> _TRY IT_:
Once you find the line containing "Unmittelbar vor dem" in the data below, copy it and each following line exactly, up to and including the line containing "Confirme a exclusão: toque", and nothing else.

+++ DATA EXCERPTS +++

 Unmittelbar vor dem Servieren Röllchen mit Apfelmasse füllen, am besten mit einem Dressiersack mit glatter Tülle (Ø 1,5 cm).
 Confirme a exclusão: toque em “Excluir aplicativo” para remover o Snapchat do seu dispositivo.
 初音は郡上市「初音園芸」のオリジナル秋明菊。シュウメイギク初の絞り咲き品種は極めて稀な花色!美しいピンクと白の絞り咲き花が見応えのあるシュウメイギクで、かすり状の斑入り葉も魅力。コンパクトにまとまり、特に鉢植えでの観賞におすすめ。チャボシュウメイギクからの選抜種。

+++
+++ DATA EXCERPTS +++

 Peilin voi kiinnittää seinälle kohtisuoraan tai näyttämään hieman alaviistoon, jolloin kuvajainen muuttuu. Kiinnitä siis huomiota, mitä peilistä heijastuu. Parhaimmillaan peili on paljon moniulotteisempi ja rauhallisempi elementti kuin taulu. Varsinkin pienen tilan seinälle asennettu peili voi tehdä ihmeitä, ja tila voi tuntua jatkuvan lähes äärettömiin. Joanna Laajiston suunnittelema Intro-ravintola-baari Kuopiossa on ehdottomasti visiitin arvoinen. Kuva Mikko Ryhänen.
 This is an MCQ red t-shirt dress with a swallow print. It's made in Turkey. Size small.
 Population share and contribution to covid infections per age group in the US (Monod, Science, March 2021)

+++

> _RESPONSE AREA_:
 Unmittelbar vor dem Servieren Röllchen mit Apfelmasse füllen, am besten mit einem Dressiersack mit glatter Tülle (Ø 1,5 cm).
 Confirme a exclusão: toque em “Excluir aplicativo” para remover o Snapchat do seu dispositivo.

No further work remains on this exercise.